Jamie Alan Staff MBE (born 30 April 1973) is an English racing cyclist and coach, formerly on BMX and later on the track. A World and Olympic champion, he has also won numerous other medals at World Championships, World Cups and at the Commonwealth Games.

Profile
Born in Ashford, Kent, Staff started in BMX when he was 9 years old, after seeing friends riding. A BMX rider who has won just about everything from the World Championships downwards, he decided at the end of 2001 that he wanted to win an Olympic medal. As BMX was not an Olympic sport at the time, he turned his attention to track cycling.

He qualified for the GB Cycling Team at the first attempt. A natural competitor, he revels in the combative nature of the Sprint and the keirin, though his stand-out rides so far have been in the team sprint and the Kilo.

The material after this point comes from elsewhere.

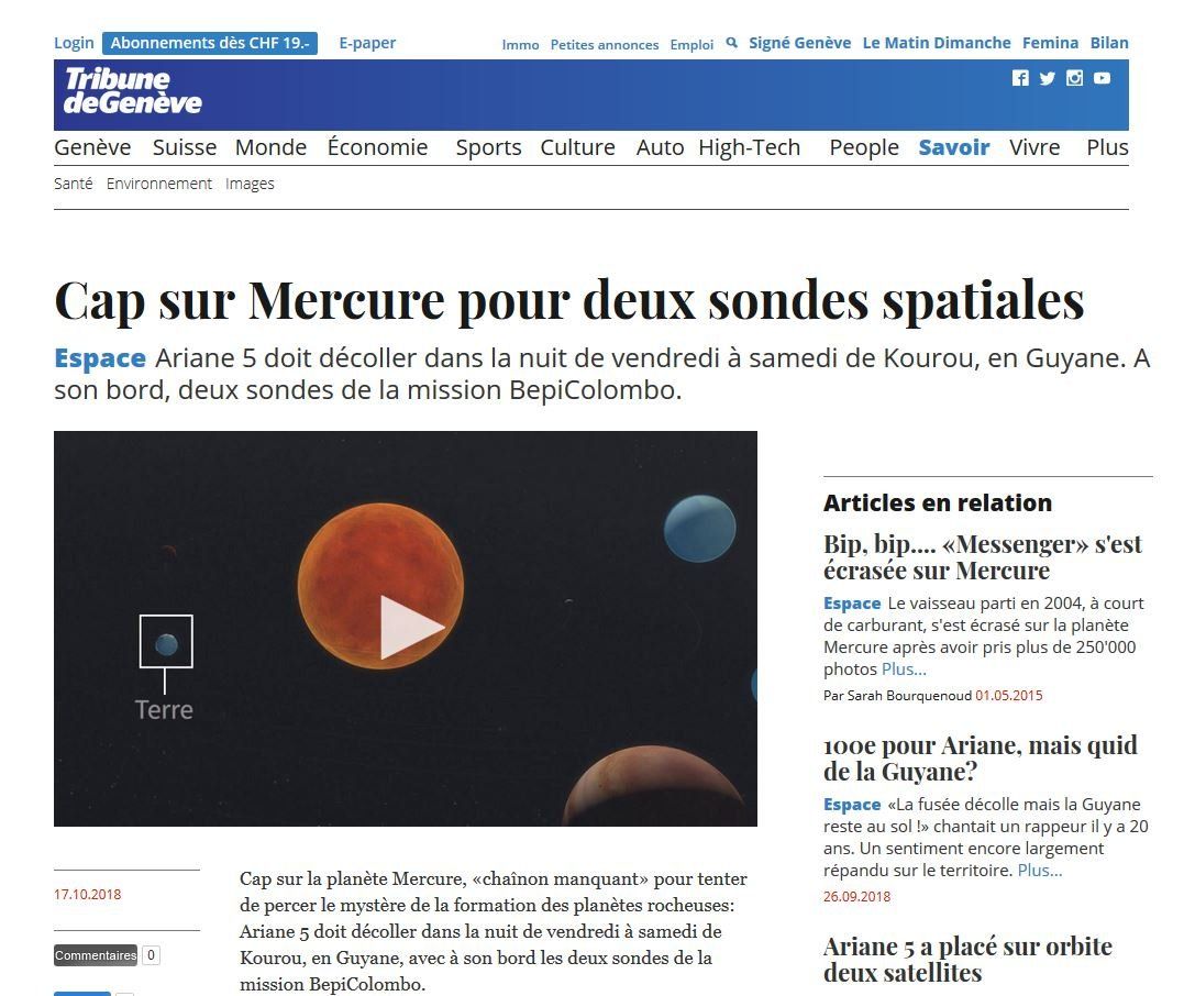 Le 19 octobre débutera la mission BepiColombo. Au sommet de la fusée qui sera lancée depuis le centre spatial, une sonde destinée à explorer la planète Mercure. L’un des concepteurs des instruments de cette mission Alain Doressoundiram est allé au collège Agarande à Kourou, où il fut élève.

At the 2002 Commonwealth Games, he was a member of the silver medal-winning England team sprint trio, an impressive semi-finalist in the sprint (during which he broke the national 200 m record) and the winner of a bronze in the Kilometer, behind GB team-mates Chris Hoy and Jason Queally.

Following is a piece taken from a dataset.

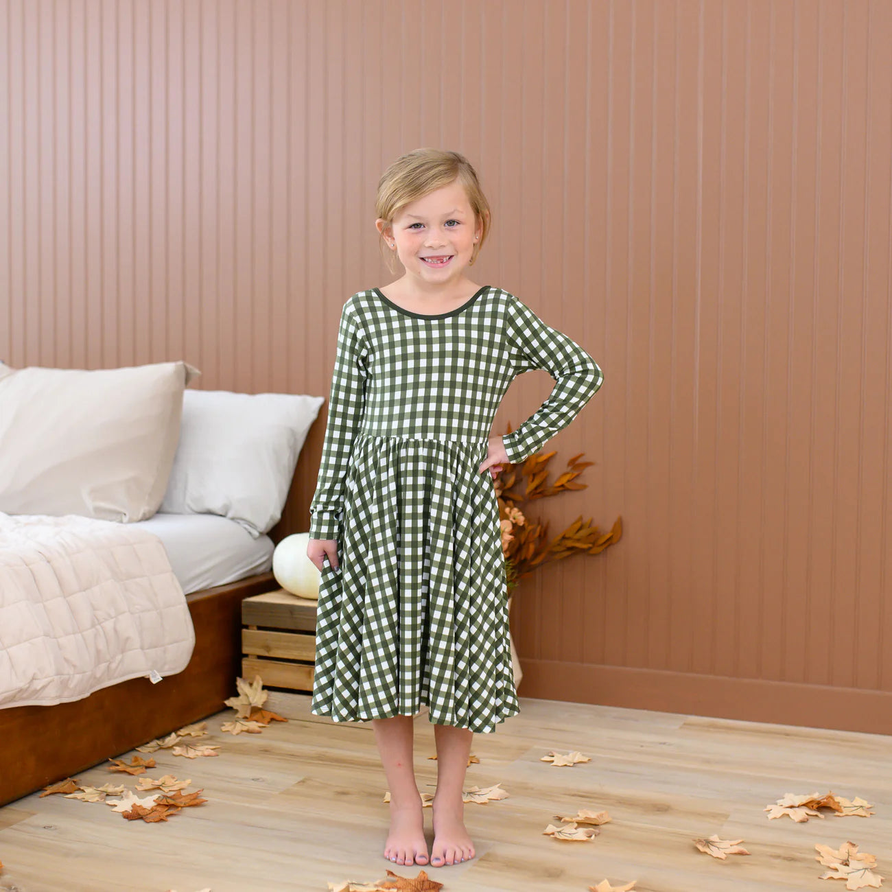 Cut from soft, stretchy bamboo fabric, this twirl dress features a full skirt so your toddler can spin in style. The classic design of the dress can easily be dressed up or down, making it the perfect everyday outfit.

However, he surpassed all expectations when he helped GB to win a gold medal in the team sprint at the 2002 UCI Track World Championships in Copenhagen, less than a year after taking up track racing. In 2003 he continued to progress, recording two personal best times in the "Kilo" (1 km time trial) and a win in the Mexico World Cup in the discipline.

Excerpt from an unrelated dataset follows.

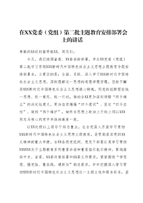 在XX党委(党组)第二批主题教育安排部署会上的讲话尊敬的XX巡回督导组XX、同志们:今天,我们按照省委、XX委安排部署,举办XX党委(党组)第二批学习贯彻XXX新时代中国特色社会主义思想主题教育专题安排部署会,主要目的是:全面、系统、深入学习XXX新时代中国特色社会主义思想,深刻理解这一思想的道理学理哲理,坚持不懈用XXX新时代中国特色社会主义思想凝心铸魂,用党的创新理论统一思想、统一意志、统一行动,推动全XX更加深刻领悟两个确立的决定性意义,更加自觉增强四个意识、坚定四个自信、做到两个维护,始终在思想上政治上行动上同以XXX同志为核心的党中央保持高度一致。以XX处级以上领导干部为重点,在全党深入开展学习贯彻XXX新时代中国特色社会主义思想主题教育,是贯彻落实党的XX大精神的重大举措。全XX各级党组织、党员干部要认真学习贯彻XXXXXX关于主题教育系列重要讲话和重要指示批示精神,贯彻落实中央、省委、XX委决策部署和XX委工作要求,紧紧围绕学思想、强党性、重实践、建新功的总要求,牢牢把握深入学习贯彻XXX新时代中国特色社会主义思想这一主题主线和根本任务,坚持学思用贯通、知信行统一,坚持同第一批主题教育衔接联动,坚持理论学习、调查研究、推动发展、检视整改、建章立制等重点措施有机融合、一体推进,全面落实以学铸魂、以学增智、以学正风、以学促干的重要要求,确保实现凝心铸魂筑牢根本、锤炼品格强化忠诚、实干担当促进发展、践行宗旨为民造福廉洁奉公树立新风的目标。为推动本次会议取得扎扎实实的成效,根据X委常委会会议讨论精神,我讲几点意见。第一,学习贯彻XXX新时代中国特色社会主义思想,必须坚持正确政治方向。坚持正确政治方向,就要始终以党的旗帜为旗帜以党的方向为方向、以党的意志为意志,始终做到在党言党、在党忧党、在党为党,任何时候都与党同心同德、同向同行。深刻领悟两个确立的决定性意义,教育引导党员、干部从思想上正本清源、固本培元,切实筑牢信仰之基、补足精神之钙、把稳思想之舵,更加自觉地衷心拥护两个确立、忠诚践行两个维护。第二,学习贯彻XXX新时代中国特色社会主义思想,必须坚持分级分类指导。第二批主题教育参加单位人员范围广、类型多、任务重,要按照主题教育印发的有关文件要求抓好贯彻落实。针对不同领域、不同群体特点,因地制宜、合理安排,增强主题教育的针对性和实效性。要确保各级各领域党员干部牢牢把握深入学习贯彻XXX新时代中国特色社会主义思想这一主题主线和根本任务,努力在以学铸魂、以学增智、以学正风、以学促干方面取得实实在在的成效,以高质量发展的新成效检验主题教育成果,第三,学习贯彻XXX新时代中国特色社会主义思想,必须坚持突出问题导向。坚持深学、细研、真查、实改,立足实际,既解决党员干部自身存在的问题,又解决群众最关心最直接的利益问题;既解决制约XX经济社会高质量发展的问题,又解决全面从严治党中的问题。坚持强化基层基础。以XXXX行动为总载体,围绕基层基础XX,发挥优势、注重引领、整合资源、解决难题、推进共治、凝聚群众,增强基层党组织政治功能和组织功能,为深入推进建设XX谱写全XX高质量发展提供坚实基础。第四,学习贯彻XXX新时代中国特色社会主义思想,必须坚持开门开展教育。深入一线,问需于民、问计于民、问效于民,虚心听取群众意见,自觉接受群众监督,主动接受群众评判。用群众的获得感、幸福感、安全感、满意度检验主题教育效果。要结合当前乡村振兴的重点任务,科学制定《XX遍访行动实施方案》绘出路线图、明确时间表,进村入户、遍访群众,宣传推广各项惠民措施及当前重点工作,同时全面摸清、解决好群众关心的热点难点问题。第五,学习贯彻XXX新时代中国特色社会主义思想,必须坚持从严从实作风。力戒形式主义、官僚主义,真抓实干、担当作为在注重实效、提高质量上下功夫。树立和践行正确政绩观,必须从思想和利益根源上破解问题,从讲政治的高度来把握求真务实真抓实干的要求,努力做到谋事实、创业实、做人实。不作表面文章、不搞花样翻新,把工作抓实、基础打实、步子迈实,确保主题教育取得扎实成效。我就讲这么多。谢谢!

In 2004 he competed at the Athens Olympics in the keirin and team sprint, but not medalling in either. This was despite becoming Keirin world champion only months before and setting the second fastest time in the Team Sprint competition, only to be knocked out by the German team, who set the fastest time.

He continued to focus on the sprint, achieving multiple silvers and bronzes at World Championships, and the 2006 Commonwealth Games. He finally tasted success again in the World Record-breaking British team sprint trio at the 2008 Beijing Olympics. Staff was responsible for the fastest ever first lap in a team sprint.

He was appointed Member of the Order of the British Empire (MBE) in the 2009 New Year Honours.

He announced his retirement from racing on 28 March 2010. In June it was announced that he would be joining USA Cycling to manage the USA national track sprint program.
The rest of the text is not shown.